(SUPPLIED RECORDS begins)

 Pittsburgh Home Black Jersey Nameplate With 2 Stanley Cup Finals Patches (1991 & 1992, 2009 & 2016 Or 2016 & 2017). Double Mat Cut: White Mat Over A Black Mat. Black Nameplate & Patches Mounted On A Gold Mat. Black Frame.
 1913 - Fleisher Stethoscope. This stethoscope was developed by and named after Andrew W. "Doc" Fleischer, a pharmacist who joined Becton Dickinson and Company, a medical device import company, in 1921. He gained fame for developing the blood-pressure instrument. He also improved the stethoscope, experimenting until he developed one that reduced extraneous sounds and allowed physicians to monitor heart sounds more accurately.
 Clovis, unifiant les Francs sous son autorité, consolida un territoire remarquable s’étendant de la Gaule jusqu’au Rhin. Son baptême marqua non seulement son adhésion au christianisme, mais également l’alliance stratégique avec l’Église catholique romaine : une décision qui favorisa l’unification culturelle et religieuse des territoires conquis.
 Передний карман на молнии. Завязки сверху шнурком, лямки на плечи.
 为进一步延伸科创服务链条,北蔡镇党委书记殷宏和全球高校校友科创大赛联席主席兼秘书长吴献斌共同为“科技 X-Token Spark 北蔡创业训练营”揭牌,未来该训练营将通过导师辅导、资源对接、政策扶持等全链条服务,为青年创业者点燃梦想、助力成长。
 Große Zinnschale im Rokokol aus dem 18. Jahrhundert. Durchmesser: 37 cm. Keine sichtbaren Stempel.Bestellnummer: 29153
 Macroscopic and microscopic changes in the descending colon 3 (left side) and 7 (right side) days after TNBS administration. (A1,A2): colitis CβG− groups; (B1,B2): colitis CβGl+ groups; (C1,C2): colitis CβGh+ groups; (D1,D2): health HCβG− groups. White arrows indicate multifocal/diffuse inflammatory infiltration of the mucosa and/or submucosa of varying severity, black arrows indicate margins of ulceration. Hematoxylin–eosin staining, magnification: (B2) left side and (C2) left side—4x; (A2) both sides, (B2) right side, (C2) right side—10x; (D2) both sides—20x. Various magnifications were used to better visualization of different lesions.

(SUPPLIED RECORDS ends)

§ **THE TASK**
Nothing may be left out or altered: reproduce the complete listing.

§ **SOLVED PROBLEM**
 Pittsburgh Home Black Jersey Nameplate With 2 Stanley Cup Finals Patches (1991 & 1992, 2009 & 2016 Or 2016 & 2017). Double Mat Cut: White Mat Over A Black Mat. Black Nameplate & Patches Mounted On A Gold Mat. Black Frame.
 1913 - Fleisher Stethoscope. This stethoscope was developed by and named after Andrew W. "Doc" Fleischer, a pharmacist who joined Becton Dickinson and Company, a medical device import company, in 1921. He gained fame for developing the blood-pressure instrument. He also improved the stethoscope, experimenting until he developed one that reduced extraneous sounds and allowed physicians to monitor heart sounds more accurately.
 Clovis, unifiant les Francs sous son autorité, consolida un territoire remarquable s’étendant de la Gaule jusqu’au Rhin. Son baptême marqua non seulement son adhésion au christianisme, mais également l’alliance stratégique avec l’Église catholique romaine : une décision qui favorisa l’unification culturelle et religieuse des territoires conquis.
 Передний карман на молнии. Завязки сверху шнурком, лямки на плечи.
 为进一步延伸科创服务链条,北蔡镇党委书记殷宏和全球高校校友科创大赛联席主席兼秘书长吴献斌共同为“科技 X-Token Spark 北蔡创业训练营”揭牌,未来该训练营将通过导师辅导、资源对接、政策扶持等全链条服务,为青年创业者点燃梦想、助力成长。
 Große Zinnschale im Rokokol aus dem 18. Jahrhundert. Durchmesser: 37 cm. Keine sichtbaren Stempel.Bestellnummer: 29153
 Macroscopic and microscopic changes in the descending colon 3 (left side) and 7 (right side) days after TNBS administration. (A1,A2): colitis CβG− groups; (B1,B2): colitis CβGl+ groups; (C1,C2): colitis CβGh+ groups; (D1,D2): health HCβG− groups. White arrows indicate multifocal/diffuse inflammatory infiltration of the mucosa and/or submucosa of varying severity, black arrows indicate margins of ulceration. Hematoxylin–eosin staining, magnification: (B2) left side and (C2) left side—4x; (A2) both sides, (B2) right side, (C2) right side—10x; (D2) both sides—20x. Various magnifications were used to better visualization of different lesions.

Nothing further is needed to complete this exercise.